From the line containing "Griffin Boggs led" down to the final line of the entries below, quote every line verbatim. Exclude pictures.

*SUPPLIED RECORDS*:
▼

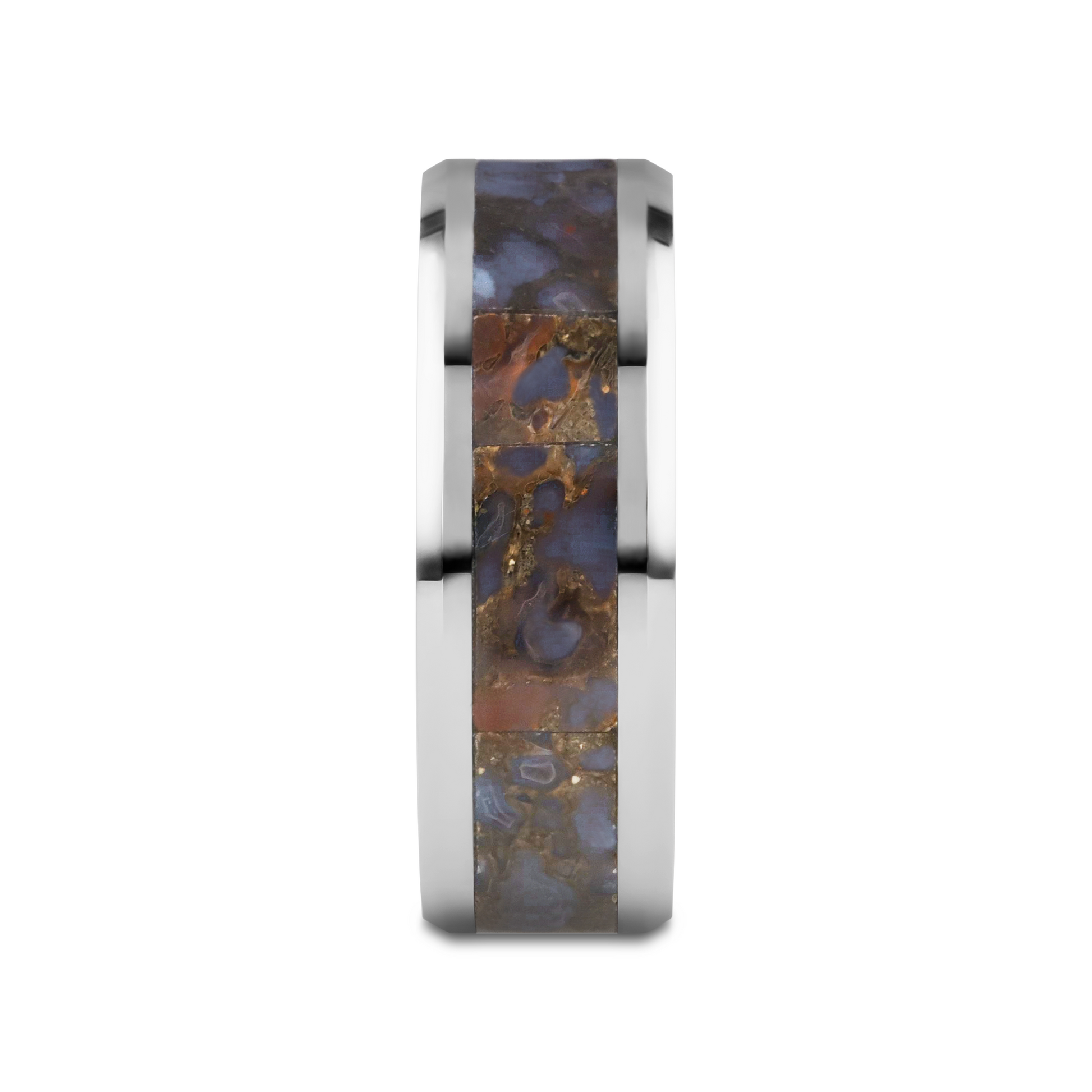 DEVONIAN Blue Dinosaur Bone Inlaid Tungsten Carbide Beveled Edged Ring - 4mm or 8mm
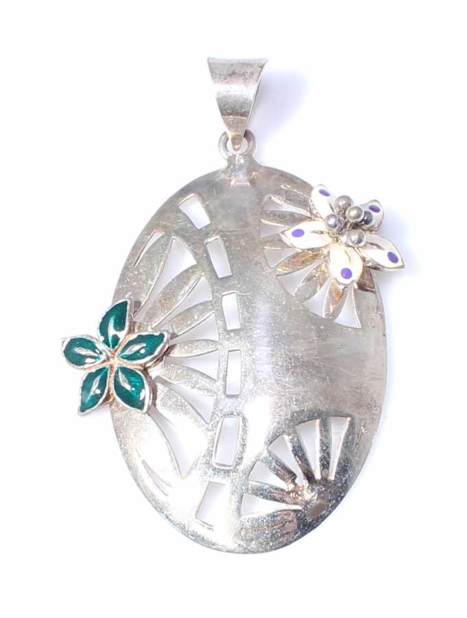 Kolye ucu 925 ayar gümüşten imal edilmiştir. Oval dışa bombeli parça üzerinde çiçek şekilleri vardır. Kolye ucu 3,0 cm'ye 5,0 cm boyutlarındadır. Zincir dahil değildir. Kolye ucu üzerinde taş yoktur. Kolye ucu 4,95 gram ağırlığındadır.
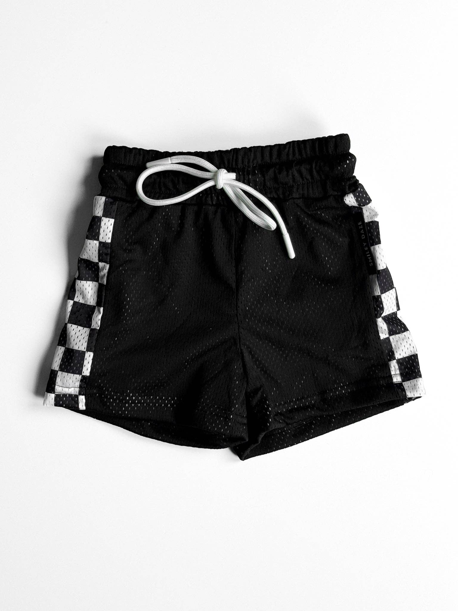Bold, breathable, and built for chaos — meet the Blackout Mesh Shorts. Designed with all-black mesh and signature black-and-white checkered side panels, these are the go-to shorts for kids who never stop moving. The elastic waistband and contrasting white drawstring make for an easy, adjustable fit with serious street style.
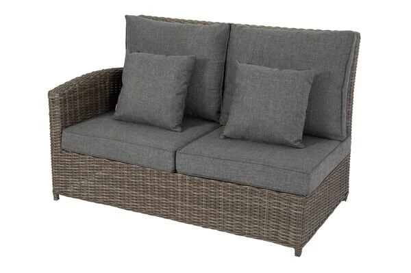 Diese gemütliche Loungegruppe von OUTFLEXX® bietet bequem bis zu sechs Personen Platz. Die Sitzhöhe von ca. 30 cm (ohne Kissen) macht die Lounge zum Allround Talent – hier können Sie gemütlich in der Sonne liegen, aber auch ganz bequem ein leckeres Abendessen zu sich nehmen. Das Set besteht aus zwei 2er Sofas (ca. 137 x 82,5 x 90 cm), einem Eckelement (ca. 82,5 x 82,5 x 90 cm) und einem einzelnen Mittelelement (ca. 65 x 82,5 x 90 cm), so können Sie die Schenkellänge flexibel wählen und die Lounge bequem an Ihre Gegebenheiten zuhause anpassen.
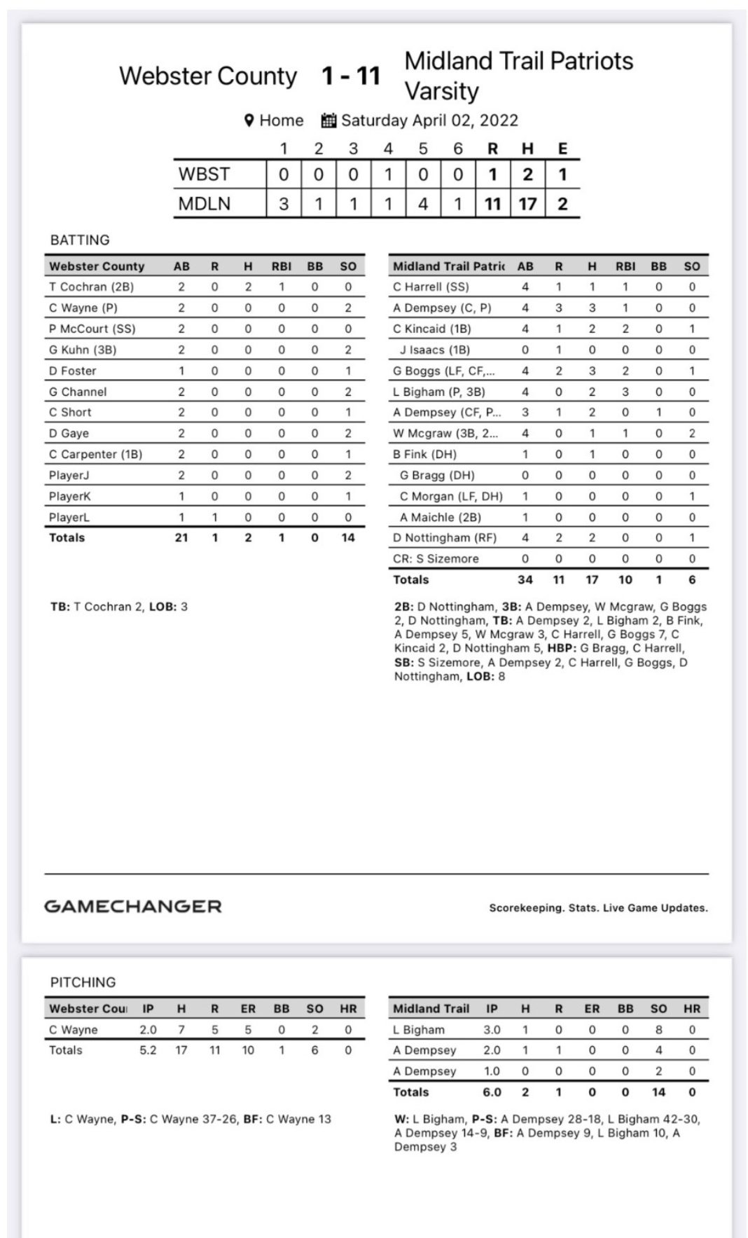 Griffin Boggs led the way for the Patriots with three hits, driving in two runs while Larry Bigham drove in three runs on two hits.
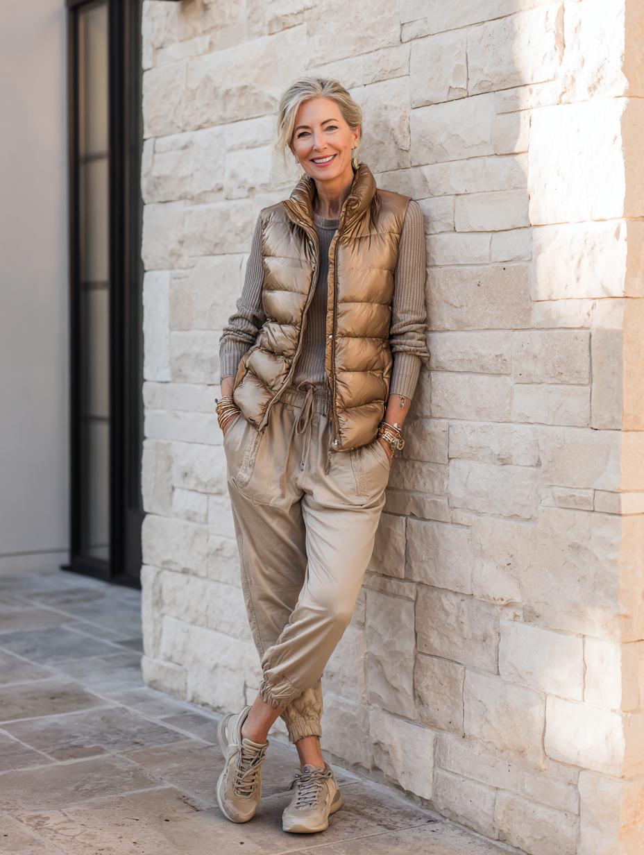 Monochromatic beige tones create sophisticated harmony in this elevated athleisure ensemble. The puffer vest adds modern texture while maintaining clean lines, perfectly complemented by matching joggers and ribbed knit layers. Gold jewelry provides subtle luxury touches, while neutral sneakers complete the refined sporty aesthetic that transitions seamlessly from morning errands to casual lunch dates.
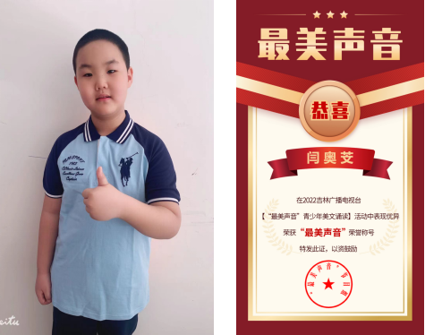 五十六中学二年四班闫奥芠同学表示:“很荣幸在‘最美声音’青少年美文诵读活动中获奖,当接到这一消息的时候,我的心里乐开了花!因为这份惊喜为我们这段时间线上学习、居家抗疫生活增添了新的动力!在这里首先我要感谢节目组为我们搭建展示的平台;其次要感谢我的学校长春市第五十六中学校长和班主任罗老师的细心指导和帮助,让我有足够的信心和勇气坚持下去,成就更好的自己;再次要感谢我的同学们,对我的关心及帮助;最后我还要感谢我的家人,给予我的支持和肯定。通过参加这次活动,让我深刻体会到参与就有机会展示自己,在准备的过程中锤炼、提升自己,只要珍惜了、努力了,就会成功!以后的生活中我会努力做最好的自己!”
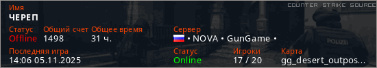 Последний раз был в сети 14:06 05.11.2025 Игрок с таким ником замечен на 9 серверах
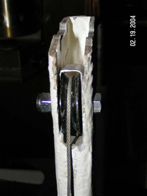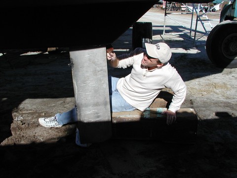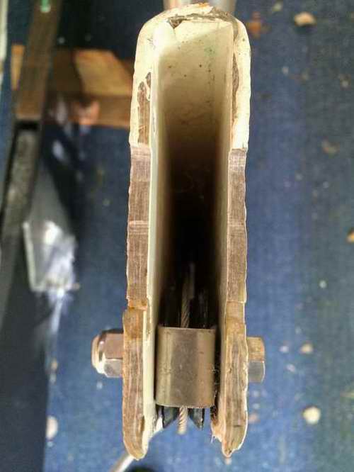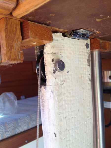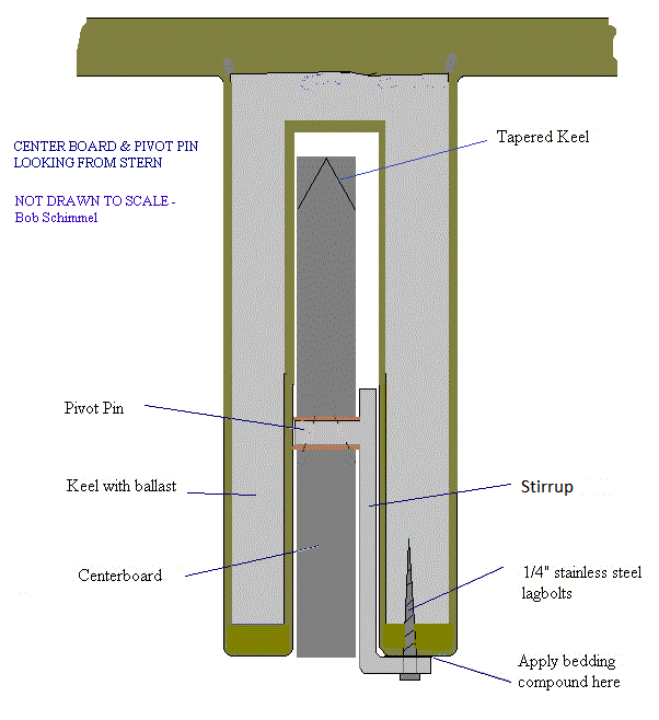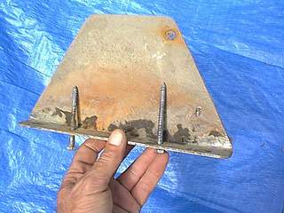 - Remove the lag bolts and pry the stirrup plate down, taking the centerboard with it. Seal the lag bolt holes immediately.
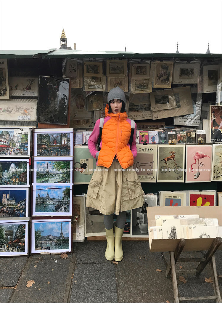 整件裙子都絎有車粗線設計,更加的具有復古工裝感
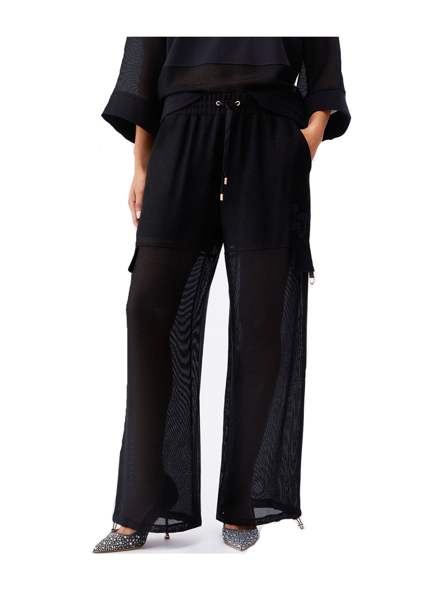 Pantalone cargo Liu Jo da donna in mesh misto viscosa nera con fodera a pantaloncino in cotone, cintone con coulisse, tasche cargo e fondo con coulisse per stringere ed allargare.
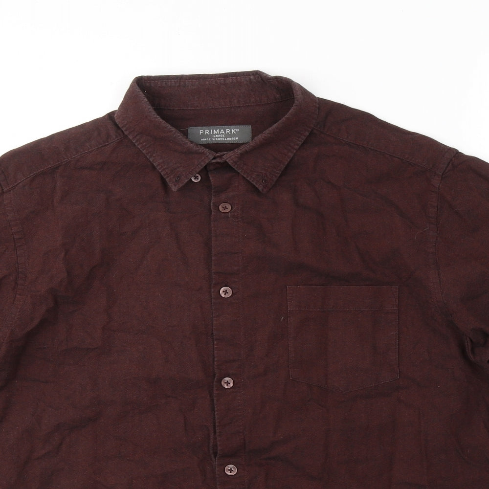 Primark Mens Red Cotton Button-Up Size L Collared Button
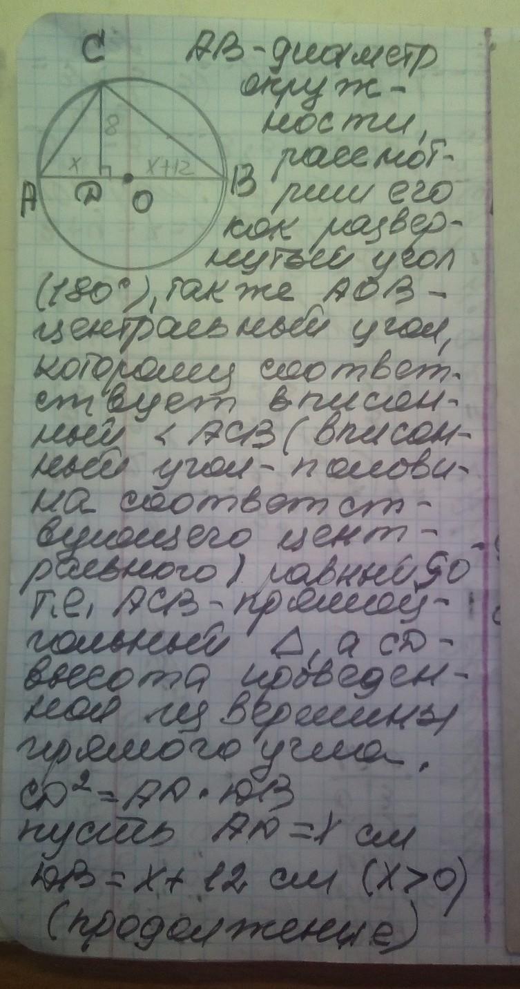 АВ - діаметр кола, СН=8 см; СН⊥АВ

▲

*SOLUTION FOR THIS PROBLEM*:
 Griffin Boggs led the way for the Patriots with three hits, driving in two runs while Larry Bigham drove in three runs on two hits.
 Monochromatic beige tones create sophisticated harmony in this elevated athleisure ensemble. The puffer vest adds modern texture while maintaining clean lines, perfectly complemented by matching joggers and ribbed knit layers. Gold jewelry provides subtle luxury touches, while neutral sneakers complete the refined sporty aesthetic that transitions seamlessly from morning errands to casual lunch dates.
 五十六中学二年四班闫奥芠同学表示:“很荣幸在‘最美声音’青少年美文诵读活动中获奖,当接到这一消息的时候,我的心里乐开了花!因为这份惊喜为我们这段时间线上学习、居家抗疫生活增添了新的动力!在这里首先我要感谢节目组为我们搭建展示的平台;其次要感谢我的学校长春市第五十六中学校长和班主任罗老师的细心指导和帮助,让我有足够的信心和勇气坚持下去,成就更好的自己;再次要感谢我的同学们,对我的关心及帮助;最后我还要感谢我的家人,给予我的支持和肯定。通过参加这次活动,让我深刻体会到参与就有机会展示自己,在准备的过程中锤炼、提升自己,只要珍惜了、努力了,就会成功!以后的生活中我会努力做最好的自己!”
 Последний раз был в сети 14:06 05.11.2025 Игрок с таким ником замечен на 9 серверах
 - Remove the lag bolts and pry the stirrup plate down, taking the centerboard with it. Seal the lag bolt holes immediately.
 整件裙子都絎有車粗線設計,更加的具有復古工裝感
 Pantalone cargo Liu Jo da donna in mesh misto viscosa nera con fodera a pantaloncino in cotone, cintone con coulisse, tasche cargo e fondo con coulisse per stringere ed allargare.
 Primark Mens Red Cotton Button-Up Size L Collared Button
 АВ - діаметр кола, СН=8 см; СН⊥АВ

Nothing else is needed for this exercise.